[PROBLEM DETAILS]: Give again exactly the lines that run from the start of the records to the line holding "France has $3.58T", both ends counted. Do not include the pictures.

DATASET CONTENT Start Marker

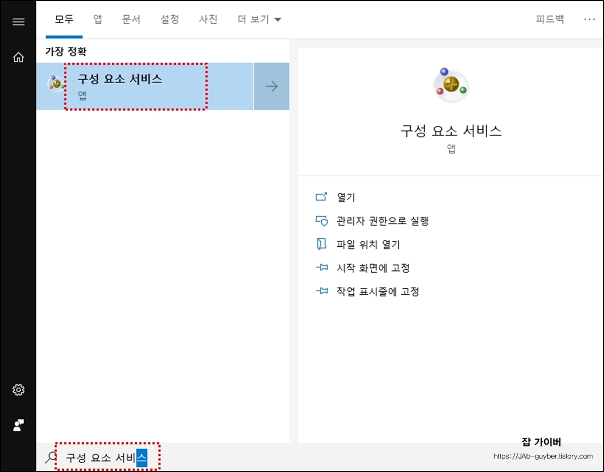 윈도우 시작 - 구성요소 서비스 클릭
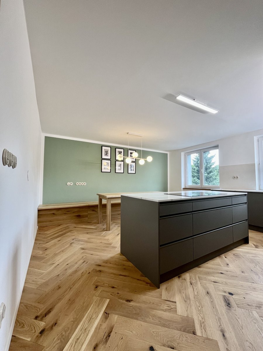 Součástí kuchyně je plně vybavená linka s vestavěnými spotřebiči (myčka, mikrovlnná a elektrická trouba, digestoř, sklokeramická varná deska), kuchyňský ostrůvek a jídelní stůl s lavicí a úložným prostorem.
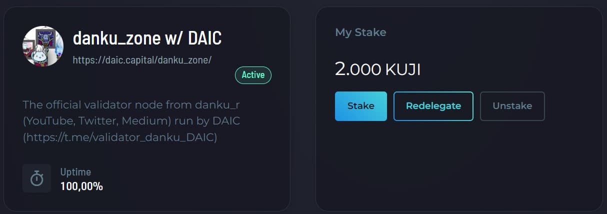 Once the transaction is validated, you will see your tokens in the stake of the selected validator.
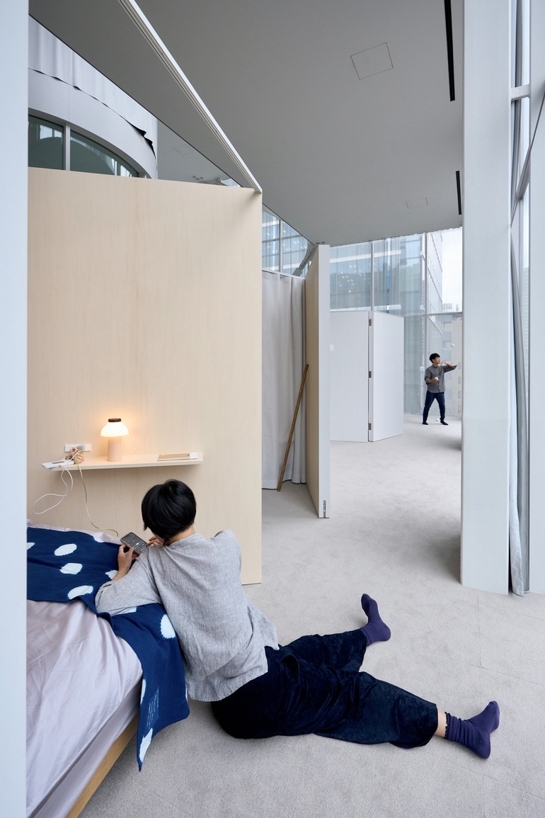 完成したばかりの「ゲストルーム」。妹島さんらしいユニークで美しい空間に仕上がりました ( model: Kaho Kogure, Yosuke Meguro )
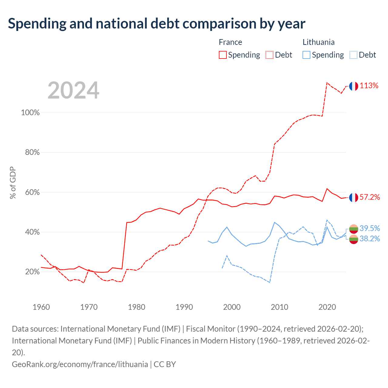 France has $3.58T in government debt (113.1% of GDP), compared to $32.4B (38.2% of GDP) in Lithuania.
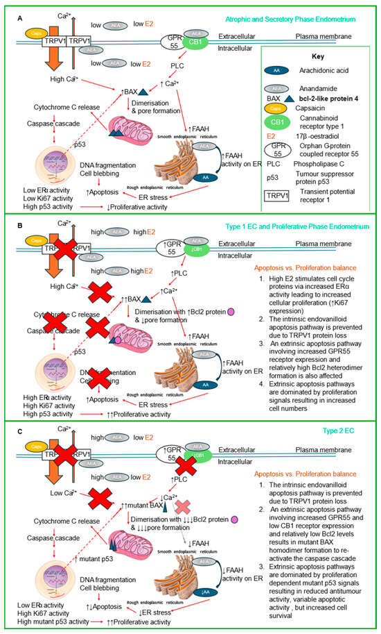 A putative mechanism for TRPV1 and its inactivation in the normal endometrial epithelial cell and in endometrial cancer cell survival. Panel (A) shows the key steps that TRPV1 and AEA play in the normal endometrial epithelial cell. The relatively higher concentrations of TRPV1 and low concentrations of AEA activate the TRPV1 in different ways. Capsaicin binding to the extracellular surface of TRPV1 opens the Ca2+ ion channel to allow calcium influx. By contrast, AEA binding to the inner surface of TRPV1 induce a small efflux of calcium ions. The resultant higher intracellular Ca2+ ion concentrations have two main effects: (1) to allow two BAX molecules to translocate from the cytoplasm to the outer mitochondrial membrane, where bound as a homodimer it opens a pore that allows cytochrome c to escape. The cytochrome c then activates the caspase cascade to initiate DNA fragmentation and cell blebbing that characterises the intrinsic pathway of apoptosis. These cells also have a high tumour suppressor activity in the p53 protein that prevents BAX protein production and a low level of cell cycle proteins. In this proposed model, the relatively low levels of AEA also bind to the relative high levels of the CB1 receptor that homodimerizes with GPR55 producing increased PLC production and through an extrinsic apoptosis pathway results in (2) the mobilisation of FAAH (FAAH-1) to the membrane of the endoplasmic reticulum, where AEA is converted to arachidonic acid (AA), which in turn causes endoplasmic reticulum stress. The stress at the endoplasmic reticulum also leads to cellular apoptosis through various and diverse pathways. The low levels of the steroid hormone 17β-oestradiol (the main inducer of endometrial epithelial cell division) prevent cellular proliferation. So, in this context, the balance of intrinsic and extrinsic apoptosis dominates over cellular proliferation to maintain tissue homeostasis of atrophic and non-proliferative secretory phase endometria of the menstrual cycle. In the case of proliferative endometria and in Type 1 EC (panel (B)), the over-riding event is 17β-oestradiol activating its cognate receptor ERα to induce the transcription of cell cycle genes and initiate proliferation. Simultaneously, the TRPV1 receptor disappears, and the intrinsic apoptosis pathway is inhibited (red crosses). The AEA-dependent extrinsic pathway remains active, despite CB1 expression being reduced, resulting in an increased cell proliferation/apoptosis ratio that leads to increased tumorigenesis. In the case of Type 2 EC (panel (C)), the key factor involved is mutated proteins. The p53 and BAX proteins are often mutants that have altered activities due to their elongated half-lives. In Type 2 EC, both intrinsic and extrinsic apoptotic pathways are inhibited by the complete loss of TRPV1 and the complete loss of CB1, respectively. The extrinsic pathway is completely inhibited, whilst a small amount of intrinsic activity occurs because mutated p53 allows the formation of excess mutated BAX that remains active at the mitochondrial membrane. Other serum factors (primarily EGF) signal cell cycle and cell proliferation events. In Type 2 EC, cell survival dominates over cell death to allow epithelial cell proliferation and accumulation. Other factors, such as TRPV2, might be involved in the cell migration and metastatic potential prevalent in Type 2 EC. Data collated from this study and [,,,,,,,,,,,,,,,].
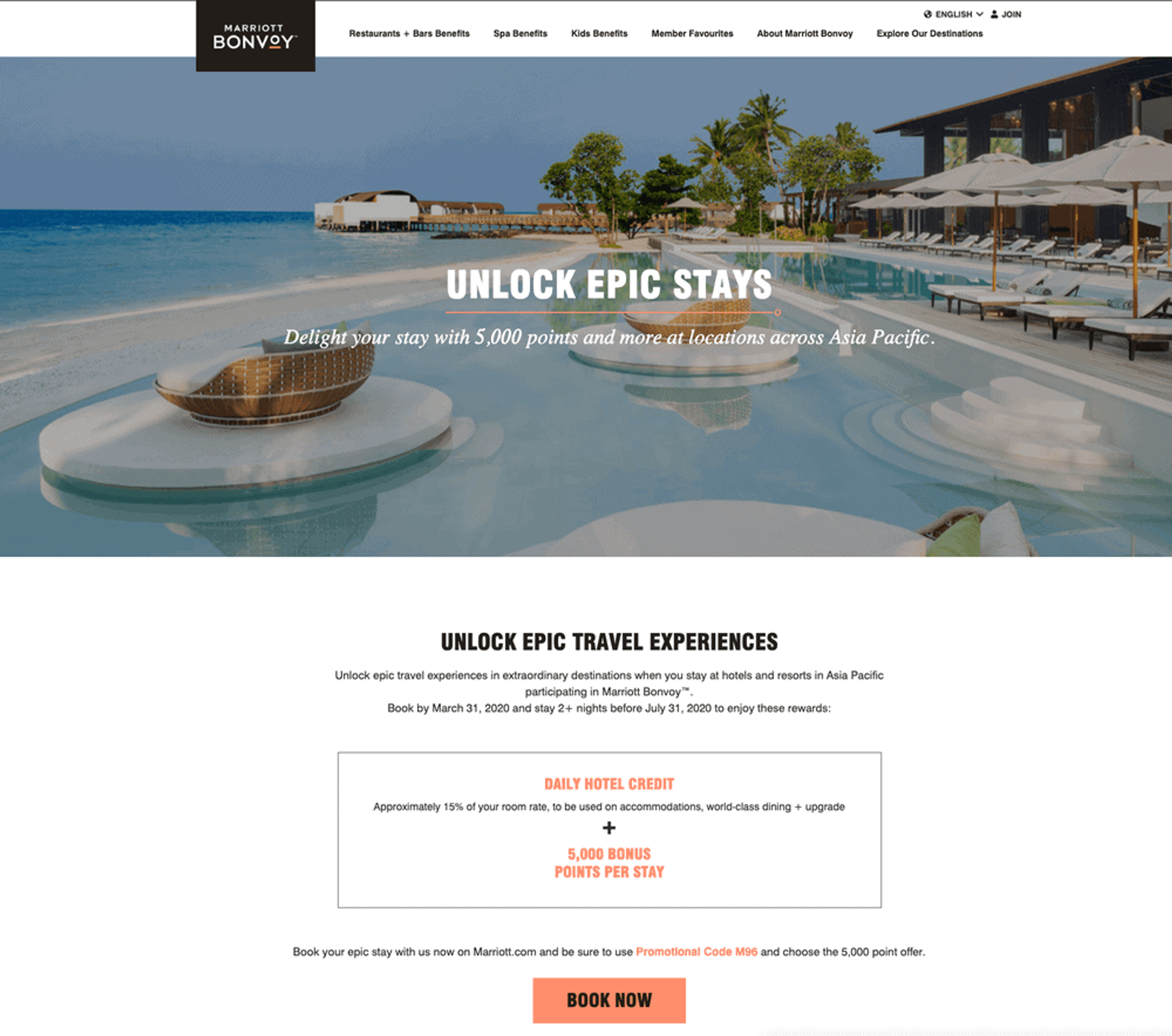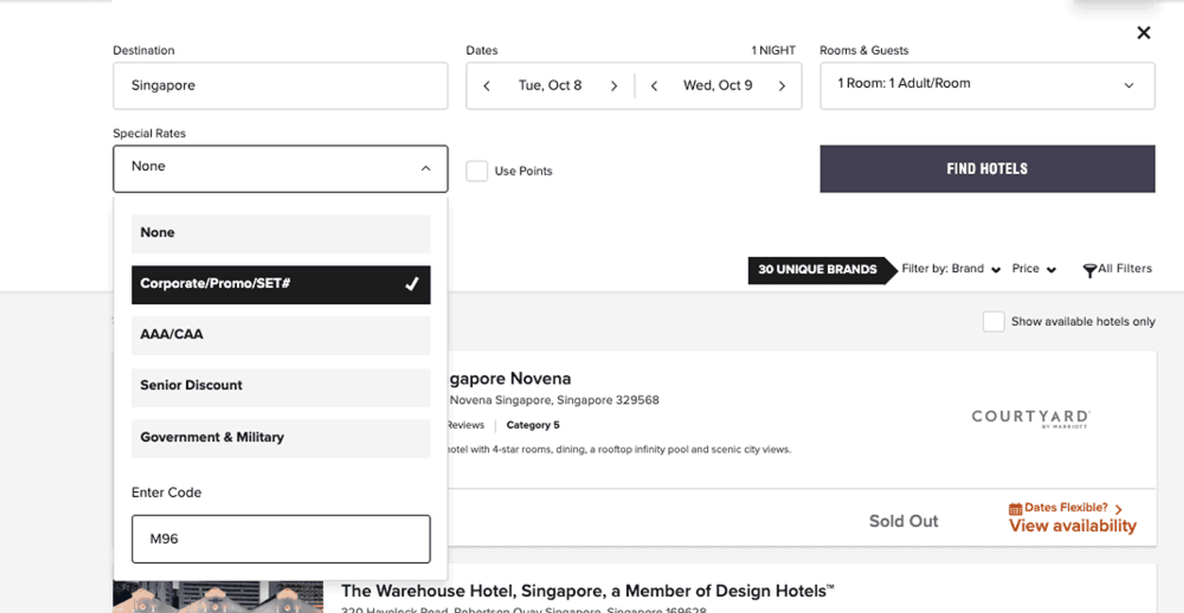 To get this offer, click here and enter promo code ‘M96’ when searching for hotels. You will then need to go to the “Deals & Packages” tab to select the eligible rates.
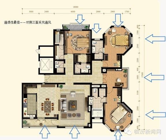 通透性主要是指户型的通风和采光性能。要保证户型具有良好的通透性能,首先要求户型要有良好的进深开间比,即户型比较方正;其次户型最好有两面可以采光和通风,相对两面采光通风最佳(如南北、东西),其次是相邻两面采光(如东和南、南和西、西和北等),只有一面采光通风效果最差。另外厨房厕所是湿气比较重的两个区域,要尽量做到独立采光通风,也就是避免暗厨暗卫。
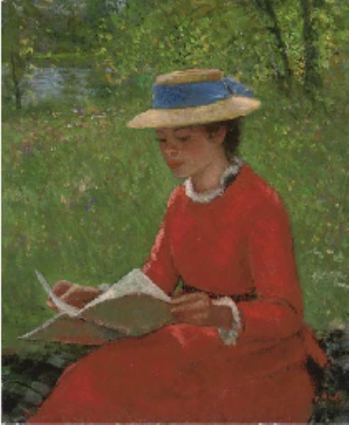 Elizabeth-Anne au chapeau de paille, lisant, assise au bord de l'eau
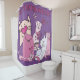 Un rideau de douche violet au texte rose qui lit Life's Better With Cats et présente beaucoup d'adorables chats de dessins animés, coeurs, et papillons dans les tons rose et lilas.
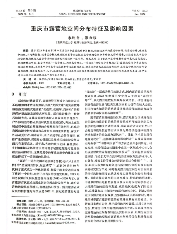 依托该委托成果,进一步丰富完成的《西南地区露营产业影响力指数报告(2023)》在2024智汇文旅创新发展论坛上发布。发布后受到了中国旅游报、光明网、重庆发布、重庆日报、中研网、华龙网、上游新闻报道。依托该项调研,团队还产出硕士毕业论文1篇,学术期刊论文2篇。
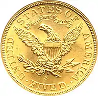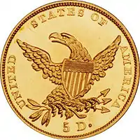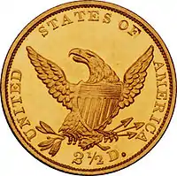 Реверс: белоголовый орлан — геральдический символ США. Гравёр: Вильям Книсс (англ. William Kneass) Чеканка: монетные дворы Филадельфии, Шарлотт, Далонеги и Нового Орлеана. | |||||||||
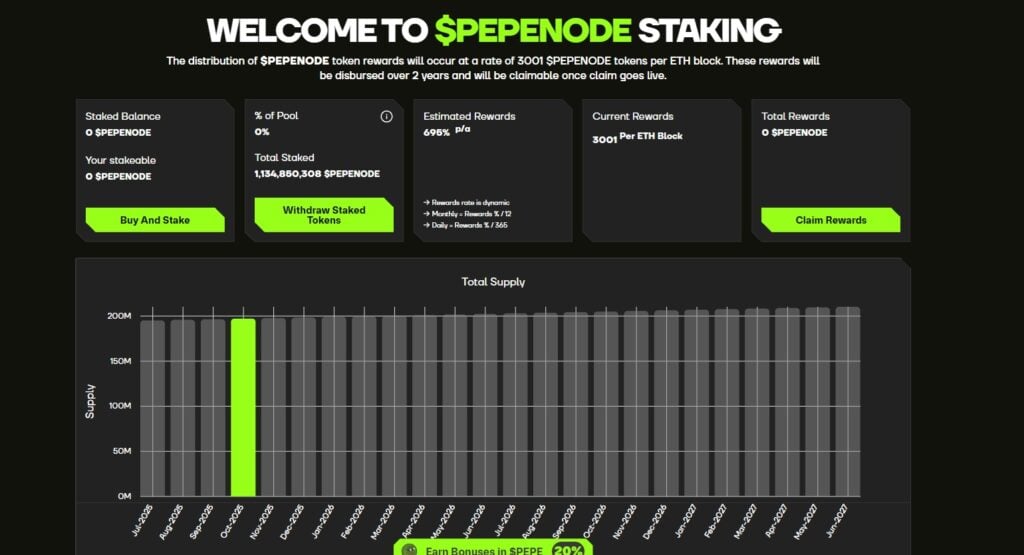 Considered one of Pepenode’s standout options is its as much as 700% APY staking program, a determine that shortly drew consideration throughout the meme coin group. Early contributors can begin incomes additional tokens even earlier than launch, permitting their holdings to develop steadily forward of listings.
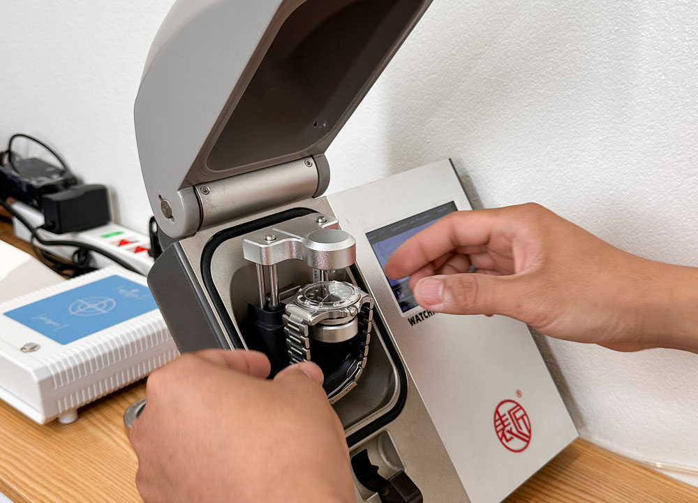 Kiểm tra lại độ chống nước của đồng hồ bằng máy đo áp suất chân không.
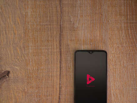 Kathmandu, Nepal - November 7 2020: Hands using YouTube app on android phone indoors.

DATASET CONTENT End Marker

[EXERCISE OUTPUT]:
 윈도우 시작 - 구성요소 서비스 클릭
 Součástí kuchyně je plně vybavená linka s vestavěnými spotřebiči (myčka, mikrovlnná a elektrická trouba, digestoř, sklokeramická varná deska), kuchyňský ostrůvek a jídelní stůl s lavicí a úložným prostorem.
 Once the transaction is validated, you will see your tokens in the stake of the selected validator.
 完成したばかりの「ゲストルーム」。妹島さんらしいユニークで美しい空間に仕上がりました ( model: Kaho Kogure, Yosuke Meguro )
 France has $3.58T in government debt (113.1% of GDP), compared to $32.4B (38.2% of GDP) in Lithuania.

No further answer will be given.